Alcohol and tobacco consumption adopted by developed countries in the west and passed onto developing nations in Africa and Asia over past decades will now be the template for various populations’ relationship with cocaine, opiates and benzodiazepines. And with it, will come more problems, such as blood-borne viruses and infections like Hepatitis C that the west has been tackling for years. Such risks aren’t far off. The expansion of drug use in developing countries has already been accelerated by easier modes of distribution and supply facilitated by the use of mobile phones and banking, providing equal access to drugs between both rural and urban areas. Unless the health infrastructure and investment match the rapid uptake of drug use in these populations, we could witness the same devastation witnessed with HIV in these countries.

An added issue in developing countries is the way land is prioritised for growing drugs, rather than food crops. As populations grow, such use of land at the expense of food production will inevitably amplify drug-related deaths in these populations. But even as the impact of drug production on the environment grows, minor expressions of concern in the west – such as we’ve seen in recent years – will do little to reverse the effects.

For western countries, an Uber-like disrupter will emerge. Price and availability have historically shaped changes in drug use. But this time disruption will be initiated by music and the pharmaceutical industry (think rap music and Xanax, or the influential role pharmaceuticals had in the prescribing habits of medics who began dishing out copious amounts of opiates in America and the ensuing havoc it wreaked). Money is seductive in shaping drug use, but in the near future, the way music influences its audiences to replicate the lifestyles and identity of those they loyally follow, will also have a much bigger impact.

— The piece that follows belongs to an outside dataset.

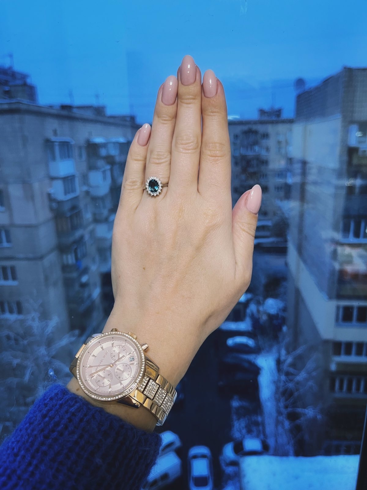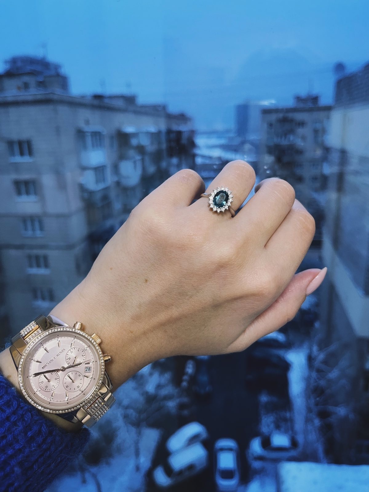 The central part of the ring is decorated with a massive blue oval-shaped stone. Around him is a scattering of sixteen elegant white pebbles. The inserts are articulated with each other using original fasteners, which enhances their aesthetic perception of the stones.

Musicians and pharmaceuticals will be adept at recognising the needs of their respective markets. While the old staples of heroin, cocaine and benzodiazepines continue to provide self-medication to treat all manners of social disadvantages, those who aren’t struggling to survive will be serviced by these industries. Subtle but profound altered states will be sought, an example of this new high has started already with micro-dosing, which sees people use small amounts of a psychedelic drug to enhance psychological performance or to tune into a spiritual zone. The rising popularity of the tingling euphoria and relaxation sensations provided by Autonomous Sensory Meridian Response (ASMR) will be enhanced or produced by a range of psychoactive chemicals developed by pharmaceuticals and marketed by music.

Leisure work, for example, will be served by drugs known as nootropics, smart drugs which enhance cognitive abilities such as concentration, problem solving and memory. Employers will only consider people willing to use nootropics to increase their productivity, paradoxically employees will be penalised for a negative rather than a positive result. Nootropics will prove to be popular with older people, a rapidly growing segment of the population, who want to halt their cognitive decline and who need to keep working into their 70s and 80s as they won’t be able to afford to retire.

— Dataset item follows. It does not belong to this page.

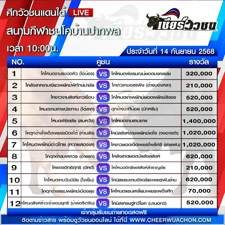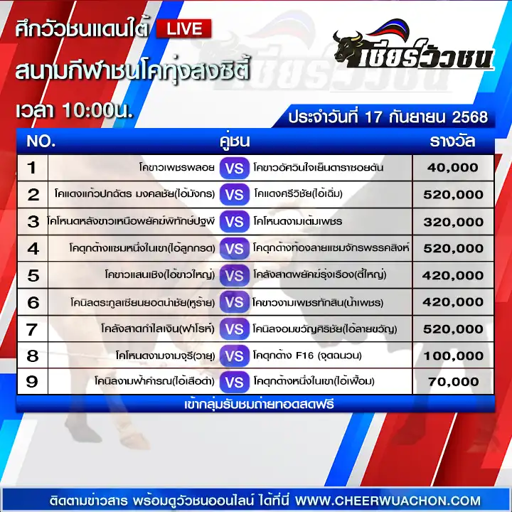 สำหรับคอวัวชนตัวจริง การติดตามชมการแข่งขันสดๆ

The search for new health treatments based on old drugs has already started with research exploring the use of psychedelics like LSD and Ketamine for depression, cannabis to treat psychosis and deep brain stimulation for alcohol addiction. Although the results of this early research look promising, if they do prove to be successful, they will only be made available to the haves, rather than the have nots.

One cast-iron guarantee is that we will continue the popular past time of panicking about drugs, think flesh-eating chemicals or monkey dust inducing superhuman strength. Predictably, these anxieties will distract from new records for drug-related deaths. And there is nothing to suggest that by 2030 we will be any more interested in or empathic about such tragedies in the future as we already struggle to be now.